I have this exercise:
Let $T$ a self-adjoint and compact operator in a Hilbert space. Show that there is some compact and self-adjoint operator $S$ such that $S^3=T$.
I have finished this exercise, however the part where I show that $S$ is compact seems longer than expected. I guess that probably will be a shorter way to show the same.

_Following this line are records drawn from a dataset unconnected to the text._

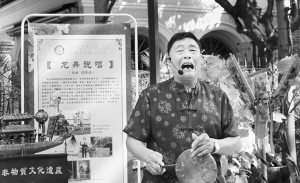 后來,在一個(gè)民俗文化節(jié)上,吳家耀手執(zhí)龍舟杖表演龍舟說唱的情景,引起了媒體的關(guān)注。他還帶著這一根龍舟杖,把龍舟說唱唱到了北京天壇,連不懂粵語的老北京也聽得津津有味。
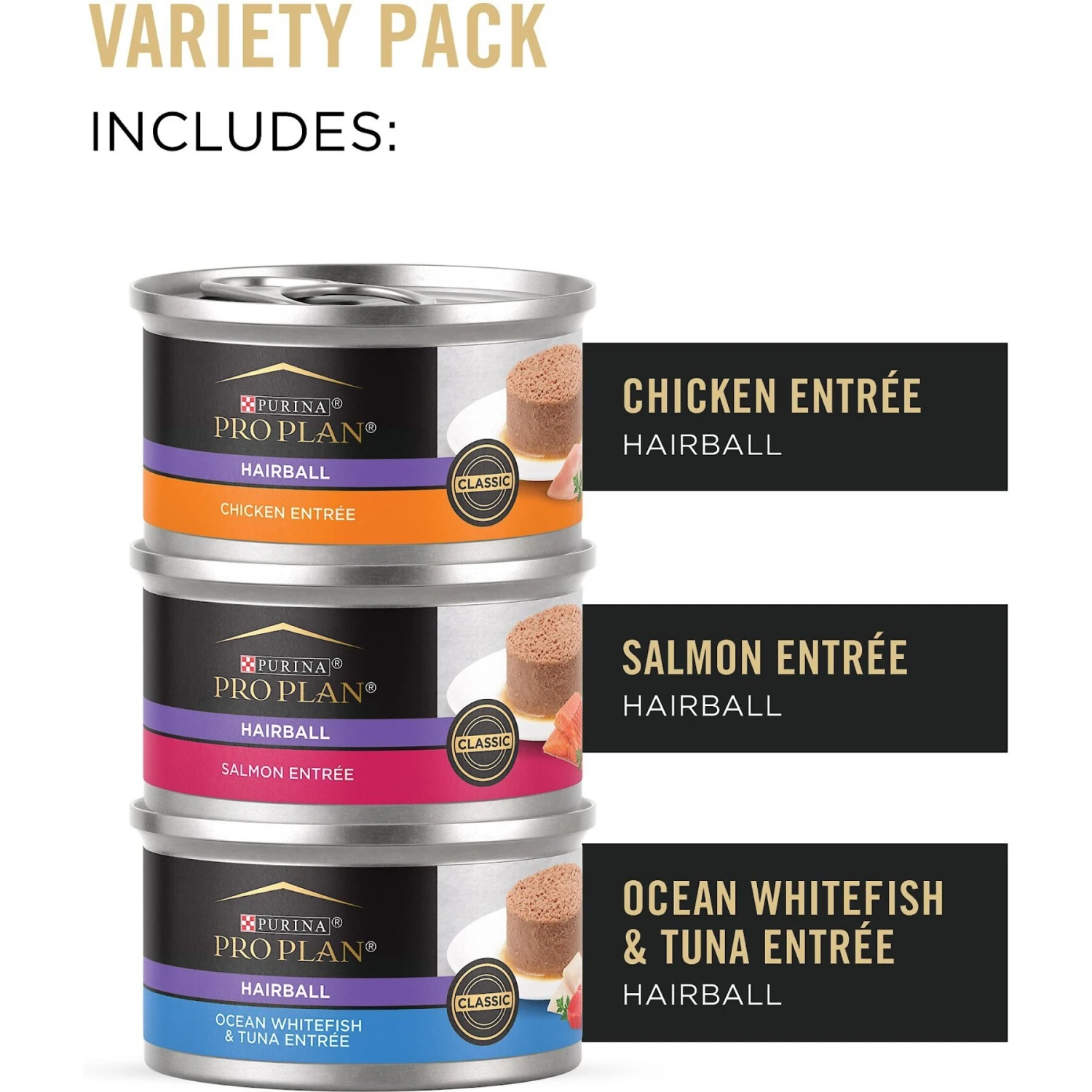Purina Pro Plan Hairball Entrees Control Variety Pack Wet Cat Food, 3-oz Can, Case Of 24
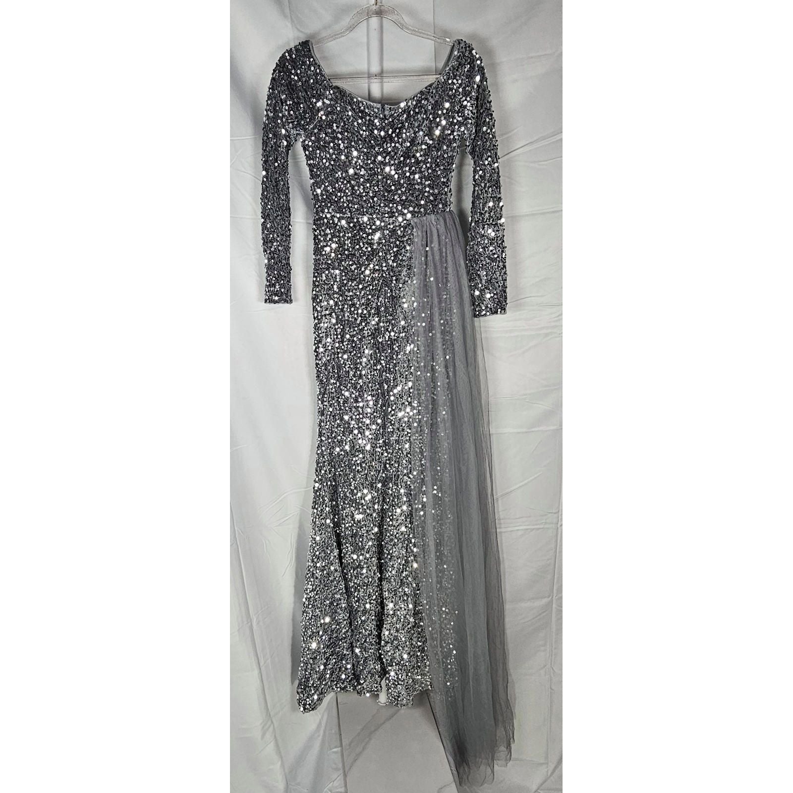 This floor-length stunner is perfect for anyone who believes more is more when it comes to sparkle. The classic silver hue is timeless and versatile, working beautifully for both daytime and evening events, while the sequined surface creates maximum impact with minimal effort.
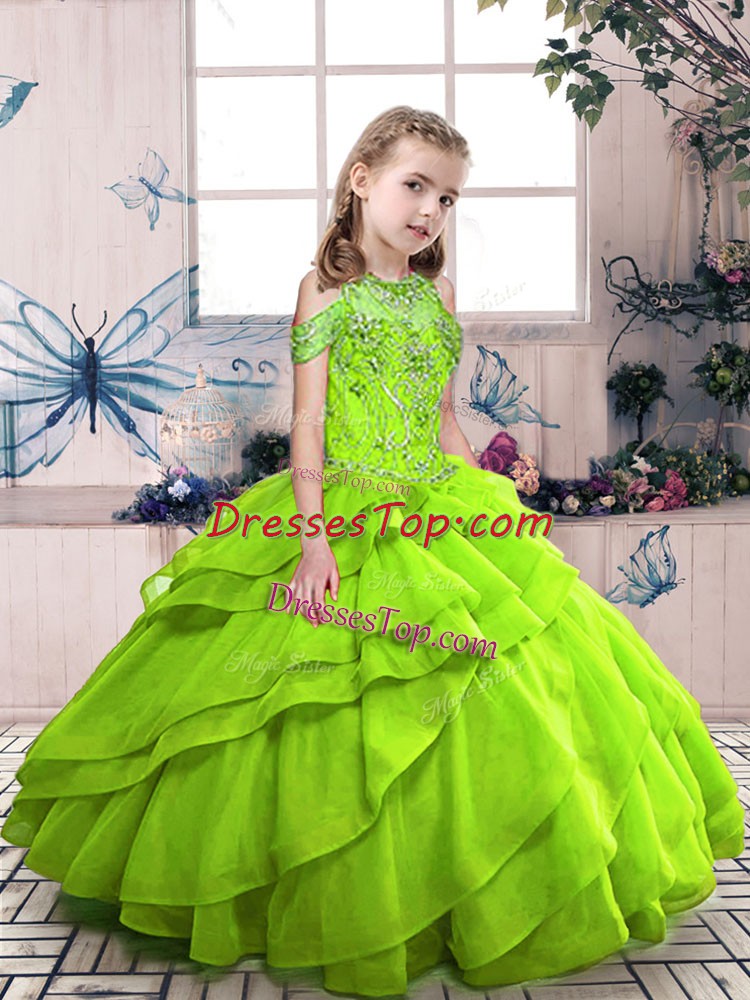 Discount Sleeveless Organza Floor Length Lace Up Pageant Dress for Womens in with Beading
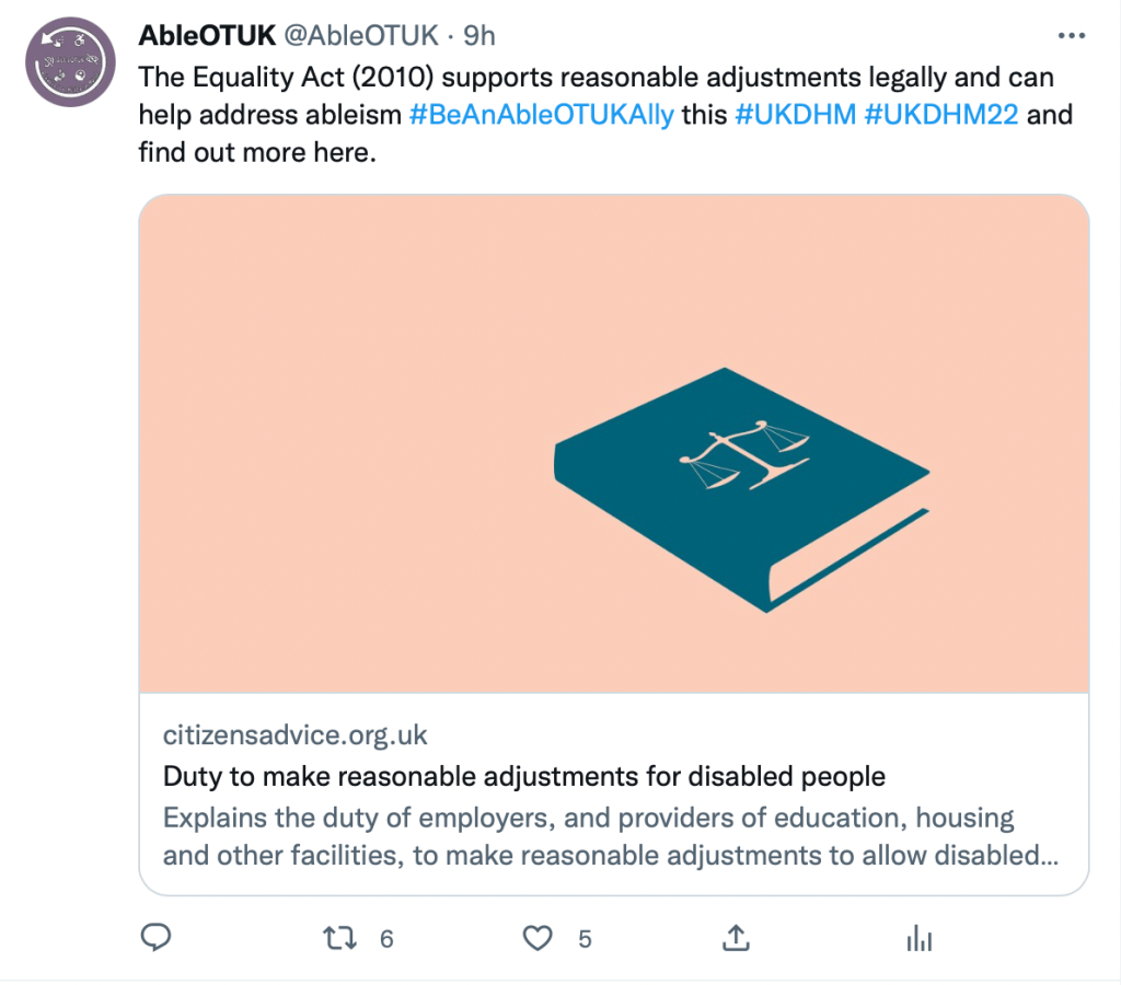 The Equality Act (2010) supports reasonable adjustments legally and can help address ableism #BeAnAbleOTUKAlly this #UKDHM #UKDHM22 and find out more here.

If $T$ is compact and self-adjoint in a Hilbert space $V$ then I know that
$$
Tf=\sum_{k\geqslant 0}\alpha _k \langle f,e_k \rangle e_k,\quad f\in V\tag1
$$
for some orthonormal sequence $(e_n)$ and some real-valued null sequence $(\alpha _n)$. Then its easy to see that setting
$$
Sf:=\sum_{k\geqslant 0}\sqrt[3]{\alpha _k}\langle f,e_k \rangle e_k,\quad f\in V\tag2
$$
then $S^3=T$ and $S$ is self-adjoint by a known result. Now what follows is the part that seems longer than expected:
If we order the sequence $(e_k)$ that defines $T$ such that $|\alpha _k|\geqslant |\alpha _{k+1}|$ for all $k\in \Bbb N $ then its easy to see that $\|T\|=|\alpha _0|$, and so $\|S\|=|\sqrt[3]{\alpha _0}|$. Then define $P_n$ as the orthogonal projection in the space $U_n:=\operatorname{span}(\{e_k:0\leqslant k\leqslant n\})$. Then $(P_nS)$ is a sequence of compact operators, and its immediate to see that $\|S-P_nS\|=|\sqrt[3]{\alpha _{n+1}}|$, and because $(\alpha _n)$ is a null sequence then $(P_nS)\to S$ and so $S$ is compact.
My question: there is a different way than what I did (maybe simpler or shorter) to show that $S$ must be compact?
Best Answer
You need not compute the norms of the operators explicitly due the following:
Lemma
If $(e_n)$ is orthonormal, $a_n \to 0$ and $Sf=\sum a_k\langle f , e_k \rangle e_k$ then $S$ is compact.
Proof: Let $S_Nf=\sum_{k=1}^{N} a_k\langle f , e_k \rangle e_k$. Then $\|Sf-S_Nf\|^{2}= \sum_{k=N+1}^{\infty} |a_k|^{2} |\langle f , e_k \rangle|^{2} \leq b_N \|f\|^{2}$ where $b_N= \sup \{|a_k|^{2}: k>N\}$. Hence the finite rank operators $S_N$ converge to $S$ in operator norm. This makes $S$ compact.